Associate Director-Clinical Trials, Submission Data Delivery

Associate Director- Submission Data Delivery

At Lilly, we unite caring with discovery to make life better for people around the world. We are a global healthcare leader headquartered in Indianapolis, Indiana. Our employees around the world work to discover and bring life-changing medicines to those who need them, improve the understanding and management of disease, and give back to our communities through philanthropy and volunteerism. We give our best effort to our work, and we put people first. We're looking for people who are determined to make life better for people around the world.

This position requires living in the Indianapolis, IN area - working in a hybrid capacity which includes : 3 days onsite / 2 days remote - a generous relocation package can be included with offer

The Associate Director- Submission Data Delivery role leads all aspects of global consistency of medical data; structure, content and meaning, acquisition, storage, retrieval, interchange and representation. This requires an in-depth understanding of data collection, data flow management, data quality, data technology, data archiving, data standards, and submission process.

Responsibilities :

The Associate Director-Submission Data Delivery provides technical leadership and process ownership for Statistics, Data and Analytics.

Apply broad process / technology knowledge to ensure clinical trials are consistent and accurate

Act as the main contact within the Statistics, Data and Analytics organization for development and support of process and technology

Communicates the global data strategy across the organization as it relates to process and technology. Influence to proactively resolve complex regulatory and business issues related to process and technology

Oversight of submission data packages for SDTM, ADaM, PK / PD, and other data.

This role will liaise with product and study teams, submission teams, Statistics, Data and Analytics, regulatory and vendors throughout the submission preparation process and post submission regulatory requests for data.

Process / Technology Strategy Development and Management :

Accountable for defining, delivering, and improving global processes and / or technology to facilitate the reliable planning and execution of results.

Proactively identify, monitor and communicate global customer needs / requirements related to process and / or technology performance and improvements as the need arises, across TA / Regions / Functions.

Accountable for ensuring process and / or technology interfaces are optimized across Statistics, Data and Analytics.

Process Improvement :

Continually seek and implement means of improving processes to reduce cycle time and decrease work effort to improve the return of the investment of the assets managed.

Basic Requirements :

Bachelor's degree ideally in a scientific area

Minimum 5 years of clinical trial data experience in drug development in areas intersecting (e.g. clinical operations, statistics, information technology, health outcomes, regulatory, etc.)

Qualified candidates must be legally authorized to be employed in the United States. Lilly does not anticipate providing sponsorship for employment visa status (e.g., H-1B or TN status) for this employment position.

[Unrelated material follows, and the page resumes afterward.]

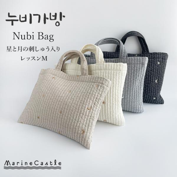 ヌビバッグ レッスンバッグ M イブルバッグ ヌビ バッグ イブル お稽古バッグ マチなし 韓国 刺繍 星 月 習い事 レッスン サ 爆買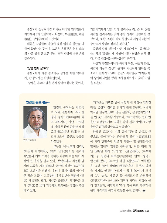 월간 <정경NEWS>는 2015년 5월호 민족종교탐방 코너에서 증산도 신앙문화와 안경전 종도사님에 대한 취재기사를 6면에 걸쳐 실었다. 본 기사에서는 140여 년에 이르는 연륜과 함께 한때 700만 도세道勢를 헤아리던 초기 역사 과정과 1970년대 이후 세 번째 개척으로 이룬 100만 도세의 오늘에 이르기까지 근세 이래 한민족 정신문화의 주요한 한 축을 이루어온 증산도의 역사를 소개하고 있다. 또한 산하에 매머드 연구기관(상생문화연구소)을 운영하고 경전인 도전道典을 10개 국어로 번역하며 STB상생방송을 설립해 전 세계에 ‘한(韓)문화’ 콘텐츠를 송출하는 등 세계를 무대로 활발한 활동을 펼치고 있는 증산도의 위상을 조감하고 있다. 특히 상생 정신의 연원으로 알려진 증산도가 세계를 향해 전하고 있는 원시반본原始返本과 개벽開闢 및 보은報恩, 해원解寃, 상생相生의 실천덕목에 대한 핵심 메시지를 알기 쉽게 전하고 있다.

Preferred Qualifications :

• In depth experience with SDTM, ADaM, PK / PD, and other data
• Experience with R, Python and SAS
• Strong technical experience and understanding of the data submission process in clinical data trials.
• Experience with project management and leading without authority, while influencing submission teams and reporting to stakeholders
• Understanding the regulatory guidelines and current expectations (FDA, PMDA, etc) along with experience with RIM
• Pinnacle 21 experience, define .xml, OSI, and other submission data deliverables

Lilly is dedicated to helping individuals with disabilities to actively engage in the workforce, ensuring equal opportunities when vying for positions. If you require accommodation to submit a resume for a position at Lilly, please complete the accommodation request form for further assistance.

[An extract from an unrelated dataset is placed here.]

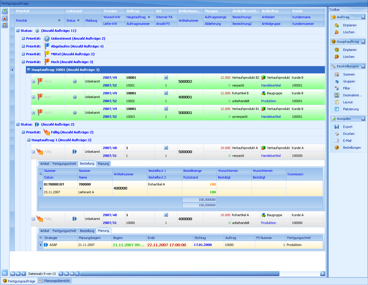 Der Grobe Leitstand für die Einzelfertigung

Lilly is proud to be an EEO Employer and does not discriminate on the basis of age, race, color, religion, gender identity, sex, gender expression, sexual orientation, genetic information, ancestry, national origin, protected veteran status, disability, or any other legally protected status.

Our employee resource groups (ERGs) offer strong support networks for their members and are open to all employees. Our current groups include : Africa, Middle East, Central Asia Network, Black Employees at Lilly, Chinese Culture Network, Japanese International Leadership Network (JILN), Lilly India Network, Organization of Latinx at Lilly (OLA), PRIDE (LGBTQ+ Allies), Veterans Leadership Network (VLN), Women's Initiative for Leading at Lilly (WILL), enAble (for people with disabilities). Learn more about all of our groups.

Actual compensation will depend on a candidate's education, experience, skills, and geographic location. The anticipated wage for this position is $111,000 - $162,800. Full-time equivalent employees also will be eligible for a company bonus (depending, in part, on company and individual performance). In addition, Lilly offers a comprehensive benefit program to eligible employees.